Mientras el celador la transportaba a la sala de operaciones, Carmen cerró los ojos. Y además de volver a ver a sus hijas corriendo por el pasillo, a su marido besándola antes de dormir, a su madre abrazándola, a su padre llevándola de la mano cuando tenía miedo… Además de eso, vio la libertad del campo. Vio cada olivo de su finca, cada aceituna balanceándose al son del viento, cada vara en movimiento, cada risa de los empleados, cada sonido de las máquinas, cada deslizamiento de los lienzos. La paz del aire libre. Se concentró en aquel pensamiento, y supo que había hecho lo correcto. Aquellos meses le habían devuelto la paz que perdió en una consulta médica un 27 de noviembre. Y no sólo eso: le habían dado un empujón para sumergirse en el mundo al que pertenecía y no quería ver. El mundo de sus padres, el mundo de sus amigos, de tantos jienenses. El mundo que le daba de comer mientras ella le daba la espalda. Se concentró en la naturaleza y… se durmió.
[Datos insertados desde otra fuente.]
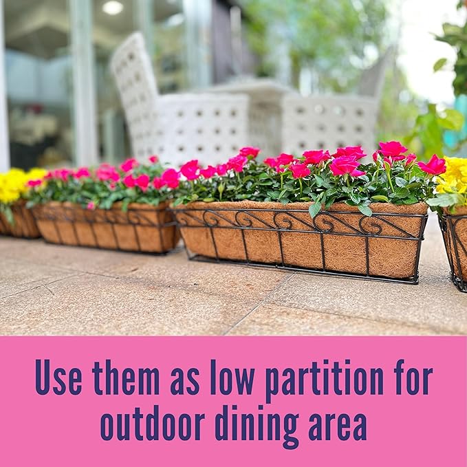 LaLaGreen Large Window Flower Boxes - 2 Pack, 24 Inch Balcony Planter, Deck Railing Planters with Coco Liners Outdoor Wall Pot Plant Holder, Black Metal Horse Trough Fence Patio Porch Over Rail Decor

Habían pasado seis horas. Abrió los ojos lentamente. Allí estaban su marido y sus hijas. No sabía muy bien dónde estaba. “Carmen, todo ha salido bien. Te encuentras en Reanimación”, señaló una enfermera. Poco a poco fue recuperando la consciencia. No del todo, ya que pasaron horas hasta que soltó la sensación de estar drogada.
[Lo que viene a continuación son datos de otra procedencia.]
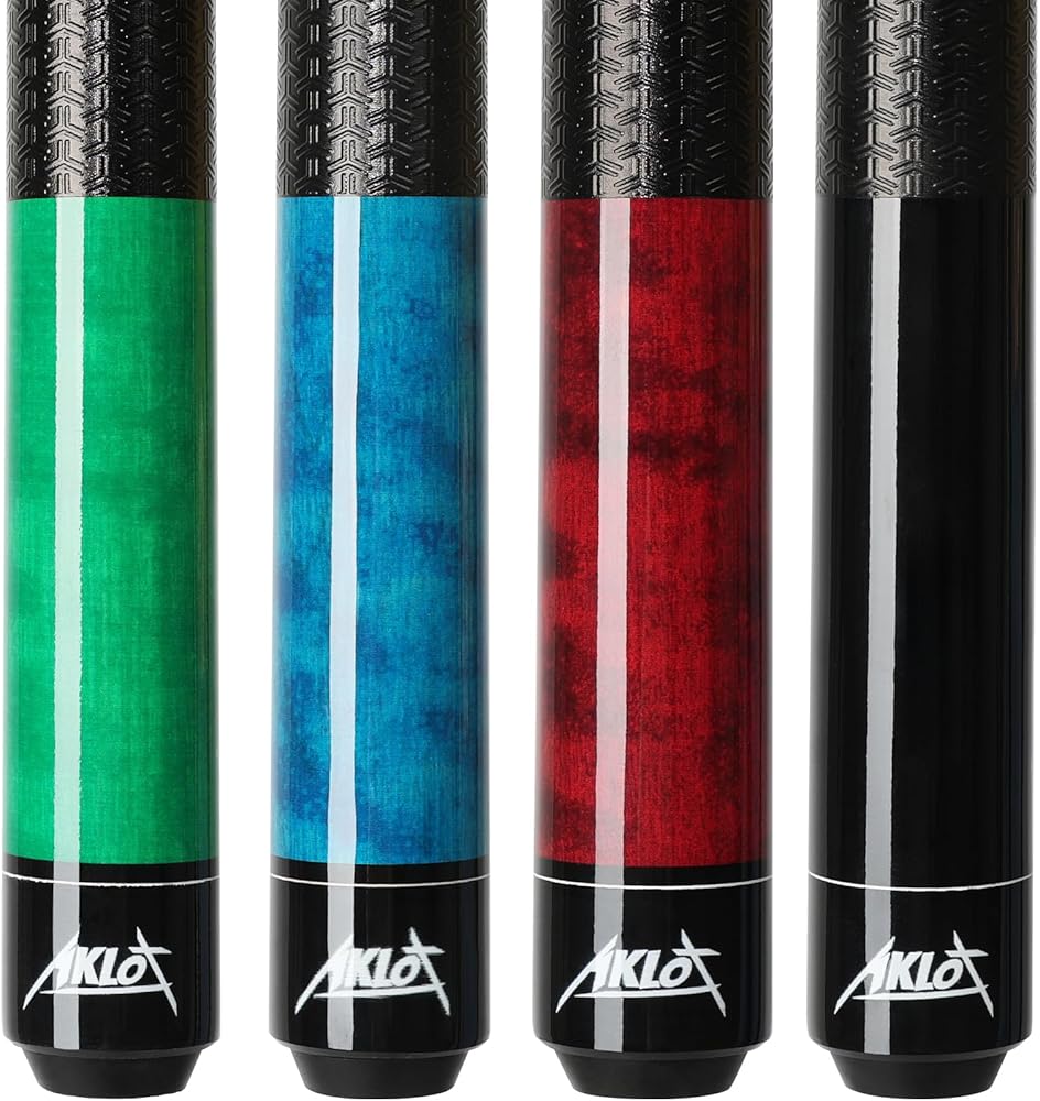 Color Translucent Wood Finish: Deep-immersion dyed butts (Green-18oz/Black-19oz/Burgundy-20oz/Blue-21oz) with 9-layer UV varnish. Effortless weight identification for Billiard Pool Sticks

Pero en aquel momento, con sus seres queridos delante y sus padres en el corazón, aún con el efecto de la anestesia, pronunció unas palabras que después olvidaría haber pronunciado. Pero si algo tienen los anestesiados, los niños y los borrachos, es que siempre dicen la verdad. “Ya estoy deseando volver a mis olivos”. Provocó las risas de su familia, como era de esperar. “Acabas de ser operada y ya estás pensando en el tajo. Años sin pisarlo y ahora estás obsesionada”, bromeaba su marido, emocionado de verla junto a él después de aquellas agónicas horas. “Esos olivos me han devuelto la felicidad que creía haber perdido. La vida es más bonita al aire libre”, añadió.

Rieron, lloraron y su familia se despidió de ella, puesto que tenían que abandonar el área de Reanimación. Pero si algo estaba claro es que dentro de cada uno de ellos había una sensación tan bonita como extraña: la de que todo iba a salir bien.